EXTRACTED INFORMATION ::
:::::
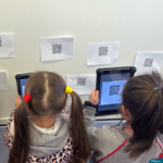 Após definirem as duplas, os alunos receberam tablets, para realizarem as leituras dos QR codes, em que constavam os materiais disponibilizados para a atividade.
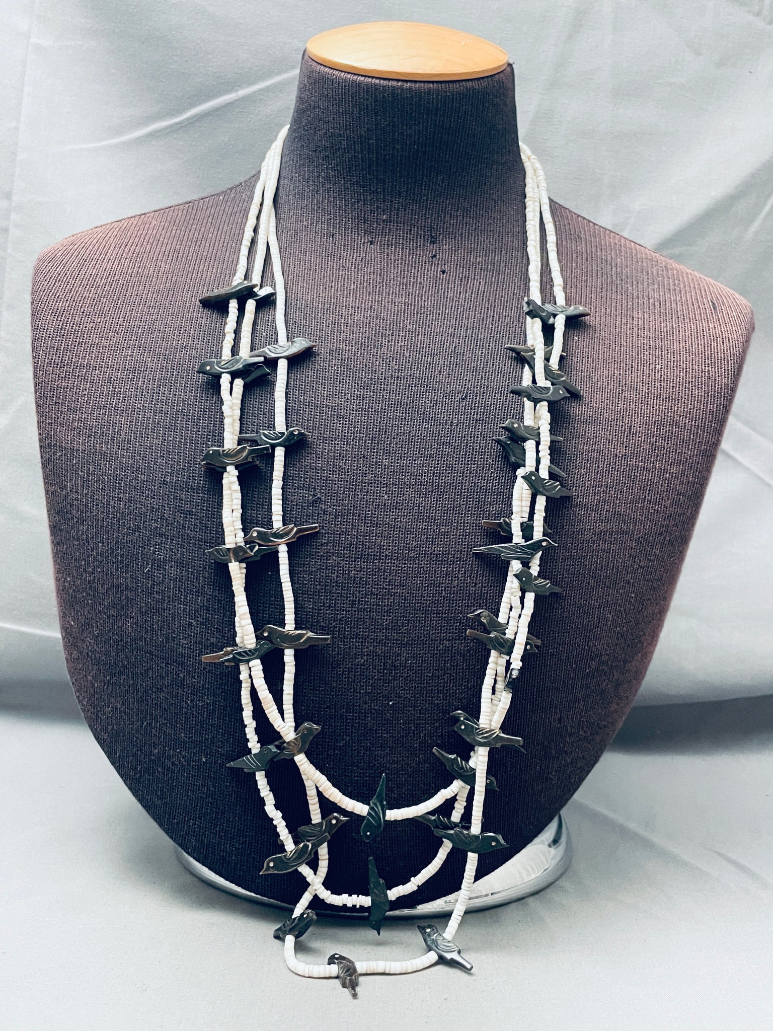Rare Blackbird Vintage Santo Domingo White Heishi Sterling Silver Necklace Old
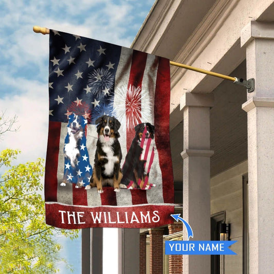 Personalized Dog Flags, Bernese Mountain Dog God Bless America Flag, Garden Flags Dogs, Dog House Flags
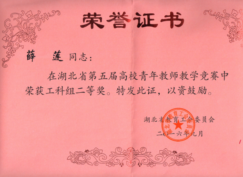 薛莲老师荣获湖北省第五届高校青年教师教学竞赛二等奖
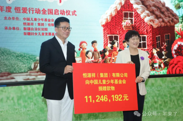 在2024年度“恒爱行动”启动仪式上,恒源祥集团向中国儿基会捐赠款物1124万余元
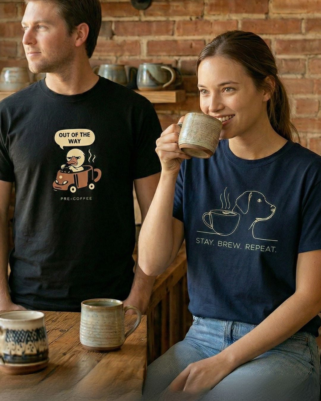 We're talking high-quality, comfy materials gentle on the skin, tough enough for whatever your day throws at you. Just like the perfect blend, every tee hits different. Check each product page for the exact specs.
:::::
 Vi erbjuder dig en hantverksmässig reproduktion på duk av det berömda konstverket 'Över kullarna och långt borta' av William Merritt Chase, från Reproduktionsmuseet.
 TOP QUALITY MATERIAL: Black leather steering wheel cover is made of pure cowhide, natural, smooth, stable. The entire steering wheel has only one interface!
:::::
WORK ITEM :: Above are the records. Copy only the lines from the one with "Após definirem as" through the one with "Rare Blackbird Vintage", exactly, with no pictures.

SOLUTION ::
 Após definirem as duplas, os alunos receberam tablets, para realizarem as leituras dos QR codes, em que constavam os materiais disponibilizados para a atividade.
Rare Blackbird Vintage Santo Domingo White Heishi Sterling Silver Necklace Old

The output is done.